It's not been long since new NVIDIA and ATI High-End products were announced (April, 13 and May, 4, respectively).
In the latest R420 review, I wrote that we were about to study how new superpowerful accelerators worked in modern games.
Older tests proved that all new accelerators depended greatly on the CPU and system performance in general and were limited by them even at maximal AA and anisotropy loads. So the moral is: even if there are people who are ready to pay a lot for a superaccelerator so that they can play their favourite old games, they will have to update their whole systems; otherwise, their acquisition will be of little use.
In short, what are the basic things that we learnt examining the new products?
First of all, it is a double number of pipelines in RADEON X800 XT, compared to 9800XT, and an increased operational frequency.
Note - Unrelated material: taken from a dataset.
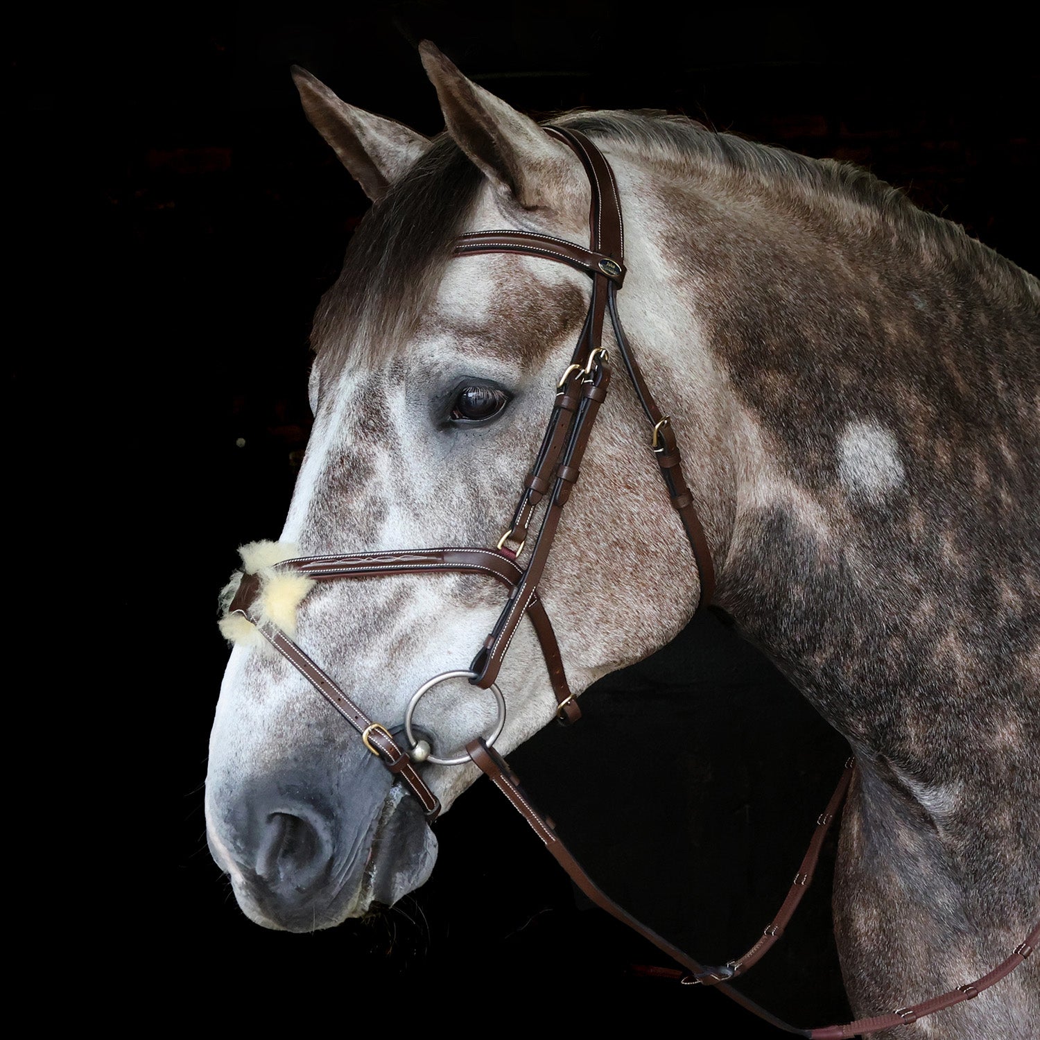 The figure 8 noseband of this bridle features a decorative stitch and subtle JW embossing on the noseband and features soft, sheepskin padding on the underside. Featuring a straight, padded headpiece, billet cheekpieces, a U-shaped browband with raised detailing and decorative stitch and solid brass hardware. Comes with billet 9-loop rubber reins.

It all resulted in a double performance at the maximal accelerator load (in new games). I emphasise, it's not 15-20-25 percent as was before, but a whole 100-percent increase, and even more sometimes.
But GeForce 6800 Ultra has a much more astonishing gain in capabilities and performance, compared to its GeForce FX 5950 Ultra predecessor. First, the number of pixel pipelines has increased fourfold, and the number of texture units and vertex pipelines has doubled. Besides, NVIDIA engineers have done a perfect job concerning acceleration of shader units, and the new product really smashes its predecessor. Although it has a lower frequency of 400 (vs. 475) MHz.
Before, we said that NV38 was equal to R360 only in older games (mostly in OpenGL ones where NVIDIA drivers have supremacy) and only due to optimisation supports and the likes. Now the situation is different: both products can compete "within the same weight category".
But does that put an end to the war of "optimisations" and speed adjustments at the expense of quality? Hopefully, yes, but certain doubts still exist.
Certainly, useful optimisations in drivers (e.g. the ones that correct the developers' mistakes) will continue to take place, but such optimisations should only be engouraged.
Today, we dwell on three aspects:
Concerning the first point, it is still unclear which cards will become serial, 400 or 450 MHz ones. Some experts believe that the accelerated solution will be produced on a limited scale, and two or three vendors will base "special" cards on it, like Gainward's Golden Sample. Other 6800 Ultra's will work at 400 MHz (eVGA orders for these products in the US clearly indicate that it is 400-MHz cards that will be mostly produced for sale).
As for the second point, we'll have to check if NV40 will have performance gain or not and if yes, what it will be caused by. Besides, we'll also test how safe and stable this version is.
And now a brief reminder of the cards we're testing.
Both of them are reference cards, that is, pre-serial products. But later on, we'll deal with serial items as well.
Both cards have 256-MB GDDR3 memory with a 1.6ns access time. Memory frequencies are 550 (1100) MHz in NV40 and 575 (1150) MHz in R420. Chip frequencies are 400 and 450 MHz for NV40 and 525 MHz for R420. Each GPU contains 16 pixel pipelines and 6 vertex ones. NV40 also supports shaders version 3.0, and R420 supports 3Dc, the company's own normal map compression technology.
To estimate roughly and visually overclocking potentials, we're giving a photo containing both NV40 and R420 chips:
We see that NV40 has the largest die (which is no surprise considering its 222 mln transistors); however, practice shows that some cards can be overclocked from 400 to 450 MHz. For example, our card with silver-containing thermal grease could work at such frequencies after we just installed an additional small fan that blew cold air from the videocard to the turbine of the original cooler. Certainly, it doesn't indicate how many GPUs can work at 450 MHz, but at least, we see that it's possible. Although Internet rumours have it that only a few selected chips will work at 450 MHz, but time will tell, anyway.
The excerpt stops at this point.